Task to carry out. Which lines of the data below include the string "durch"? Return each of them.

Exercise materials.
Segment Open

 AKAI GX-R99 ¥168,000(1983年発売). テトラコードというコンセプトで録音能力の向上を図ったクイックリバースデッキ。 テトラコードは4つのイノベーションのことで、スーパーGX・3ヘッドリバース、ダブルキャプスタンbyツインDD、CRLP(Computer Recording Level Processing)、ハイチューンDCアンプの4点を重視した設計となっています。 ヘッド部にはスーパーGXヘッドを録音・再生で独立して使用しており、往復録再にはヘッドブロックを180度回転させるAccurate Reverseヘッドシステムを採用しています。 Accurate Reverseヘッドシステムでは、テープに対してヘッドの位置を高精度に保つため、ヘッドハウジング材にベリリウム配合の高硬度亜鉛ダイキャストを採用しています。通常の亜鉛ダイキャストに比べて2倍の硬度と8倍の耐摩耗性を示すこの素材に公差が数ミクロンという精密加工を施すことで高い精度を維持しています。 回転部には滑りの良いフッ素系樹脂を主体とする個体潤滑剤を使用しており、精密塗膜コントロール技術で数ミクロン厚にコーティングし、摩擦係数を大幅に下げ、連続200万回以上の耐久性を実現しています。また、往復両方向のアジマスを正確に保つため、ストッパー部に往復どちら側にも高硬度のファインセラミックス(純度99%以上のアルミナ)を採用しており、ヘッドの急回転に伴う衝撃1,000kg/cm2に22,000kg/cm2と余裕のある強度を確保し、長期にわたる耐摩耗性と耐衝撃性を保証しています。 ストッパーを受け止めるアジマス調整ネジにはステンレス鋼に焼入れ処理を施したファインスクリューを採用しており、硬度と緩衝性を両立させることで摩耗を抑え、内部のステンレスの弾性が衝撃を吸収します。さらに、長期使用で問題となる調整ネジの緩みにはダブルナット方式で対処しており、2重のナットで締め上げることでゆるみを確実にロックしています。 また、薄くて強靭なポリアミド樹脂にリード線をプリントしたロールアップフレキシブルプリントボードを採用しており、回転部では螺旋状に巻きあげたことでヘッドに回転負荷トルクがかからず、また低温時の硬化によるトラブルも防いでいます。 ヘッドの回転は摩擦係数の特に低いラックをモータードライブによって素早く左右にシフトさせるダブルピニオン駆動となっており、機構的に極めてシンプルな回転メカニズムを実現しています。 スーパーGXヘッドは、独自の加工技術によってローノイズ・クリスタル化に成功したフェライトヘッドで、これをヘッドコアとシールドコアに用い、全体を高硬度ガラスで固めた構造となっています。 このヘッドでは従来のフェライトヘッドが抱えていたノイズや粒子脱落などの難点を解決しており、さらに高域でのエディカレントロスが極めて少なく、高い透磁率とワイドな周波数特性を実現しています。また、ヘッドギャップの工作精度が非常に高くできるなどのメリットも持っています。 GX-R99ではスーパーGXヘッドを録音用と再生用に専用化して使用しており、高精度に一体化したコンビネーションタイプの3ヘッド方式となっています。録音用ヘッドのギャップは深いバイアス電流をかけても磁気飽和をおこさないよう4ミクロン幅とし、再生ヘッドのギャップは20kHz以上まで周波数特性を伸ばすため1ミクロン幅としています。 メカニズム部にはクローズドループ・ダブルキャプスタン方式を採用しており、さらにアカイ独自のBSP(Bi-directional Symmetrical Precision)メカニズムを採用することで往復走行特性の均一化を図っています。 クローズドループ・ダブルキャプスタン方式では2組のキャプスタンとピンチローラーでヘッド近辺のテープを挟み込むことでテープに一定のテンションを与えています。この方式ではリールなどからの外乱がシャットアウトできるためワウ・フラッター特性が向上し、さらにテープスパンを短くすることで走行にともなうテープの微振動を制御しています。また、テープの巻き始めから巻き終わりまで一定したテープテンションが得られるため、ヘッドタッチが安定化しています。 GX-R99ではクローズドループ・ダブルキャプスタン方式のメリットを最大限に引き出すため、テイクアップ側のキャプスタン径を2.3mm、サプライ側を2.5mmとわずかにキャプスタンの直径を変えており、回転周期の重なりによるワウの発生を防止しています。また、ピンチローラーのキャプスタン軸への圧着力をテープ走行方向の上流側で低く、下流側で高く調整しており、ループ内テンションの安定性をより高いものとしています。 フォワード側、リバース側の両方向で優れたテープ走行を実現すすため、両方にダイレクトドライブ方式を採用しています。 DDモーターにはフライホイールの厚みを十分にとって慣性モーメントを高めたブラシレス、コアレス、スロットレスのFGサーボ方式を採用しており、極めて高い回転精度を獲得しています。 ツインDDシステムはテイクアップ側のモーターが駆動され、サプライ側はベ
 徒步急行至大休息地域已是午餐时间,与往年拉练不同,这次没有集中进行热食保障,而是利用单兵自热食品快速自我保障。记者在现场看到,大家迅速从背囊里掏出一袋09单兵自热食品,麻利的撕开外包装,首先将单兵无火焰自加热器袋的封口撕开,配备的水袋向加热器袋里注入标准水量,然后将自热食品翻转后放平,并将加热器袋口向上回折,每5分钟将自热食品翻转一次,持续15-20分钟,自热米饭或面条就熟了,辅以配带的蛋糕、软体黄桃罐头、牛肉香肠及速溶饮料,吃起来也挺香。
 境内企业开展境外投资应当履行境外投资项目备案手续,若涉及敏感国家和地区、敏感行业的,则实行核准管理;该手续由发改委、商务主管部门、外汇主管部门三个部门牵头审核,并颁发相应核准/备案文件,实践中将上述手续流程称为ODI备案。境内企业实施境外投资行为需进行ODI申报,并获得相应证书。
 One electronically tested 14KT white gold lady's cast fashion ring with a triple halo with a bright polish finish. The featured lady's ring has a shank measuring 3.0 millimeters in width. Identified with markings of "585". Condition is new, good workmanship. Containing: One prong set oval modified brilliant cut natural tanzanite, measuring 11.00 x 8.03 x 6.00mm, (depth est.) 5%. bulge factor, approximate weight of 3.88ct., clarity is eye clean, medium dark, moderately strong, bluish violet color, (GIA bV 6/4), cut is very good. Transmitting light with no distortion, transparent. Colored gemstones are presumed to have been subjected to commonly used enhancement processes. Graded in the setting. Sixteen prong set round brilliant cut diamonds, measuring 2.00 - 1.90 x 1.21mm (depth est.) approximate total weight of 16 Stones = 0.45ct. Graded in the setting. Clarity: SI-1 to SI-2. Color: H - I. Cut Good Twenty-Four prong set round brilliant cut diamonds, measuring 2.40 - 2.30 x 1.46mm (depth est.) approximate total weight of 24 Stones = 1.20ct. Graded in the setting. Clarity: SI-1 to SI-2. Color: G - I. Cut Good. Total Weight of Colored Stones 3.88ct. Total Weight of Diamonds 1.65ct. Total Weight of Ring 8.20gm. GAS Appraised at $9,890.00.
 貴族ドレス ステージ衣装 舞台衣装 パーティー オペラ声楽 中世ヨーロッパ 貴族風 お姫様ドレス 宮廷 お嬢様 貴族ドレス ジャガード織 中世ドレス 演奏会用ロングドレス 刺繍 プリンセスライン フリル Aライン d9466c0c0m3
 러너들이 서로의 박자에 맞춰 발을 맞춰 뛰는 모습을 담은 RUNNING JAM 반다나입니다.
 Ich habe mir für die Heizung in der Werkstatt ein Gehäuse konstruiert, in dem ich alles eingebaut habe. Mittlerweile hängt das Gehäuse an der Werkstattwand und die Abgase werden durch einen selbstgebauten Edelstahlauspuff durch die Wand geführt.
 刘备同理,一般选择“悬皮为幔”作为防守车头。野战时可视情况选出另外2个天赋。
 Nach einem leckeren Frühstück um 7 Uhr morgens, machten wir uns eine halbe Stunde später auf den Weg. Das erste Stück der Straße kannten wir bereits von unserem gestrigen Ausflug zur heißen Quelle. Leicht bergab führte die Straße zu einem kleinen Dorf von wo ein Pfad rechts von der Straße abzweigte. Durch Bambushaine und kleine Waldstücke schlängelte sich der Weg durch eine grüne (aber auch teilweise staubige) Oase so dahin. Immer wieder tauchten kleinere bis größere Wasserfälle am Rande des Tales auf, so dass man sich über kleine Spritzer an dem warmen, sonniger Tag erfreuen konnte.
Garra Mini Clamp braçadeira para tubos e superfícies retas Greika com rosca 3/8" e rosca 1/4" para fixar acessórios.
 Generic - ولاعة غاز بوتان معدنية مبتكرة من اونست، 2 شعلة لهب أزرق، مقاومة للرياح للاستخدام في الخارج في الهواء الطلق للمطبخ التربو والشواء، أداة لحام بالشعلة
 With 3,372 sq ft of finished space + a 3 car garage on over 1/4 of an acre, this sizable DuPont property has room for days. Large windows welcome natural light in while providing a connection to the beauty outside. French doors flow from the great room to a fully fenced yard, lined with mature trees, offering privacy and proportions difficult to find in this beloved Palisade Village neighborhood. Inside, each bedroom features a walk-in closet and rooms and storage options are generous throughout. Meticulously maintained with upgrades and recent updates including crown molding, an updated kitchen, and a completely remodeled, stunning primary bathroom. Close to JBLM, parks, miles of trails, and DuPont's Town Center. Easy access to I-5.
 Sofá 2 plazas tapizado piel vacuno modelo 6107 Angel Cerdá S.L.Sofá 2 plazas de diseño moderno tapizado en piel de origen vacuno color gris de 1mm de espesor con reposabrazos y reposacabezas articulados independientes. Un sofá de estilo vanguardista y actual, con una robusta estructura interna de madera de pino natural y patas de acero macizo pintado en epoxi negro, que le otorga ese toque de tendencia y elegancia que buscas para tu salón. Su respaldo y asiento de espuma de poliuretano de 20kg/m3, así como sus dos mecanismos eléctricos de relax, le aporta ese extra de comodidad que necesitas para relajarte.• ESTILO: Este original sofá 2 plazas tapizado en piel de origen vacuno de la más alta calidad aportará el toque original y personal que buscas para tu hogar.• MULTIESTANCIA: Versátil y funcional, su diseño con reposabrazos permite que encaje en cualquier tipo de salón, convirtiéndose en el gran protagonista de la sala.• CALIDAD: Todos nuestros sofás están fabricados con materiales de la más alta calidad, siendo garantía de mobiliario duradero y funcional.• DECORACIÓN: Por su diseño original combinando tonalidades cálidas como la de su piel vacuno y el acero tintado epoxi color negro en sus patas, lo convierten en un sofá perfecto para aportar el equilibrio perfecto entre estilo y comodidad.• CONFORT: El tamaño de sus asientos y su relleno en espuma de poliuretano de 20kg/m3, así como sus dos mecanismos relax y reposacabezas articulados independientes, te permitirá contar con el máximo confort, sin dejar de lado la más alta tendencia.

Segment Closed

Response area.
 Ich habe mir für die Heizung in der Werkstatt ein Gehäuse konstruiert, in dem ich alles eingebaut habe. Mittlerweile hängt das Gehäuse an der Werkstattwand und die Abgase werden durch einen selbstgebauten Edelstahlauspuff durch die Wand geführt.
 Nach einem leckeren Frühstück um 7 Uhr morgens, machten wir uns eine halbe Stunde später auf den Weg. Das erste Stück der Straße kannten wir bereits von unserem gestrigen Ausflug zur heißen Quelle. Leicht bergab führte die Straße zu einem kleinen Dorf von wo ein Pfad rechts von der Straße abzweigte. Durch Bambushaine und kleine Waldstücke schlängelte sich der Weg durch eine grüne (aber auch teilweise staubige) Oase so dahin. Immer wieder tauchten kleinere bis größere Wasserfälle am Rande des Tales auf, so dass man sich über kleine Spritzer an dem warmen, sonniger Tag erfreuen konnte.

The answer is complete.